In attesa delle aziende, guardiamo ai quartieri, ai circoli Arci, al terzo settore: in Italia un quarto della popolazione ha più di 65 anni. Fortunatamente la grande maggioranza sta bene, è attiva e si tiene in forma grazie alla dieta mediterranea. Sono anziani-giovani che costituiscono una risorsa per trasmettere competenze e abilità a chi ne ha bisogno: non solo ai nipoti, ma anche agli immigrati che conoscono solo il telefonino, alle badanti che stentano a parlare italiano, ai giovani precari che ignorano i loro diritti. Chi va in una qualsiasi biblioteca americana trova ogni giorno decine di volontari che aiutano altre persone, perché la biblioteca ha saputo organizzare le cose in modo che questo sia possibile, anche in tempo di pandemia. Se non lo facciamo ora, quando?

In sintesi

  • Le biblioteche pubbliche rappresentano, almeno sulla carta, perfetti luoghi di coworking e spazi fondamentali per il sostegno al lavoro femminile.
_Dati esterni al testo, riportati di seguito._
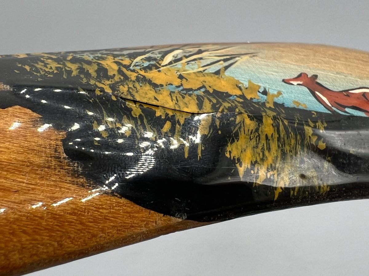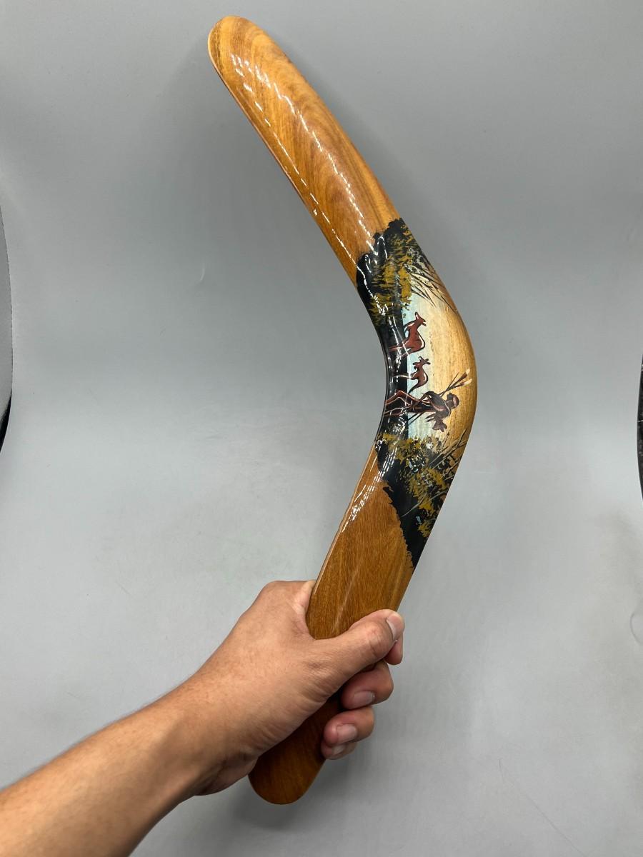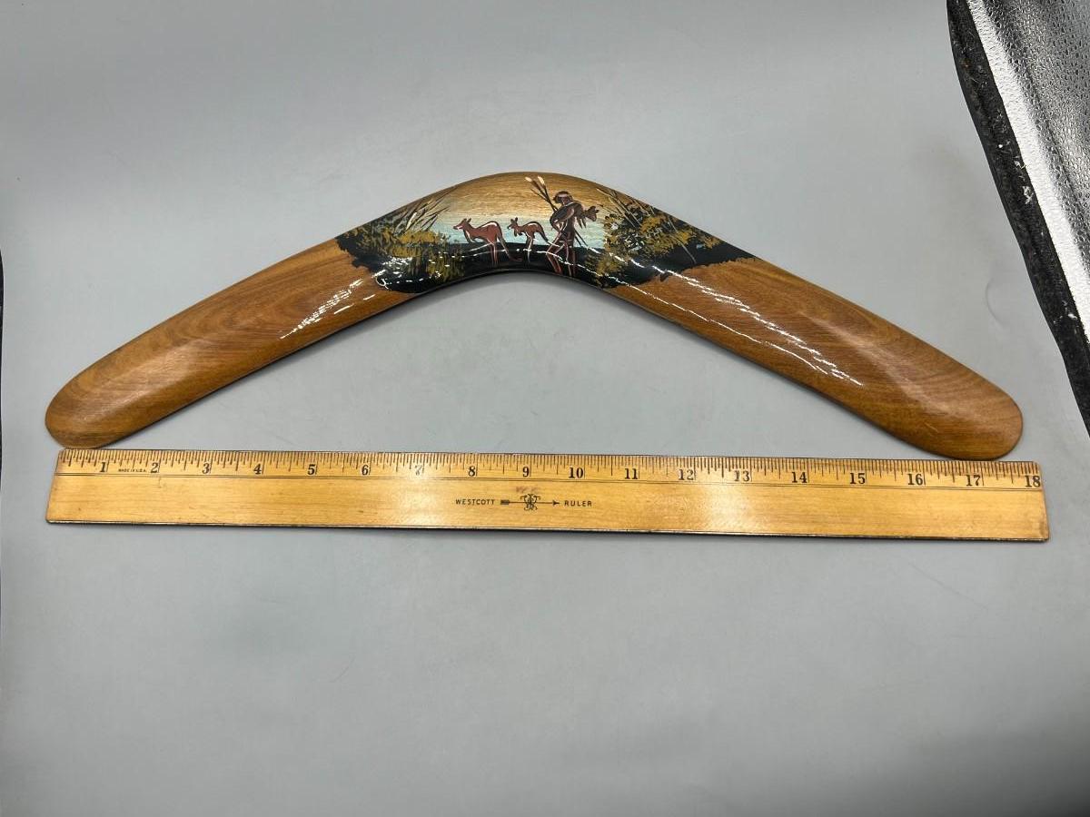 There is a part of the boomerang where the wood is kind of lifting. There is no significant damage and in good condition. Check pictures for more detail and for sizing.
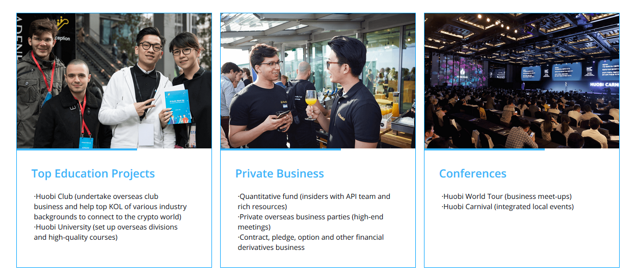 • Lợi ích kinh tế: Huobi sẽ cung cấp một tỷ lệ phần trăm cao giảm giá ưu đãi (lên đến 40% của phí giao dịch) cho thành viên của Huobi Global Elite đồng thời họ cũng sẽ nhận được sự chia sẻ cổ tức của sự phát triển của địa phương mà họ quản lý, được chứng nhận trở thành OTC thương nhân để kiếm được lệ phí, và nhiều hơn nữa.
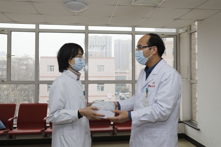 医务处处长赵孝先代表我院接收了白靖同志的爱心物资,这批护目镜将转交后勤保障处针对临床一线进行合理调配。
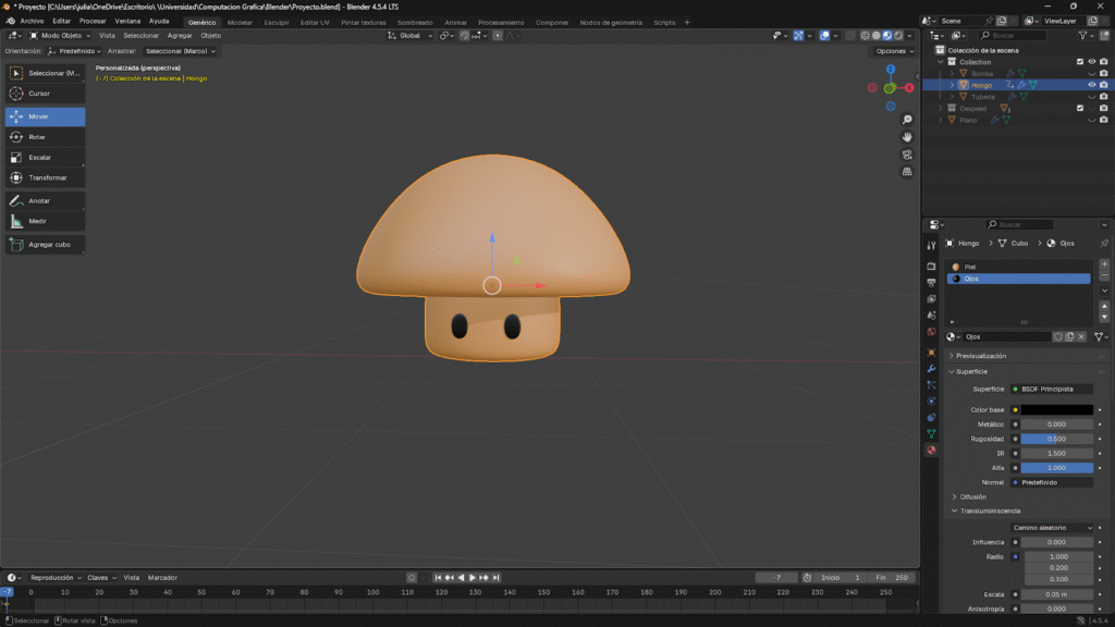Ajustamos la posición de la cabeza del hongo, y creamos dos cubos para los ojos

Vista la recente estensione dello smartworking, le stesse aziende private dovrebbero avere interesse a supportarle offrire ai propri dipendenti valide alternative rispetto al proprio domicilio.
  • Per limitare le disuguaglianze educative presenti nel nostro Paese – oggi accentuate dalle conseguenze della pandemia – occorre pensare a forme di collaborazione permanente fra teatri, musei, biblioteche e scuole. Un network in grado di garantire a tutti gli stessi servizi e la stessa formazione.
  • La cultura, nel senso di prodotti letterari, artistici, cinematografici o teatrali innovativi e di qualità, può avere un ruolo sociale solo se esiste un ecosistema che la sostiene, con forme di collaborazione tra enti pubblici, aziende private e fondazioni.
1

«Diseguaglianze nell’emergenza sanitaria», Istat, 28 aprile 2020.

2

R. Carlini, «Covid-19 e lavoro: l’impatto negativo sulle donne», IlBoLive Università di Padova, 22 novembre 2020.

3

A tal proposito si veda «Covid-19 fallout takes a higher toll on women, economically and domestically», Eurofound, 3 giugno 2020.

4

«Con gli occhi delle bambine. Atlante dell’infanzia a rischio 2020», Save the Children, 2020.

5

Ibidem.

6

F. Tonello, Democrazie a rischio. La produzione sociale dell’ignoranza, Milano, Pearson, 2019.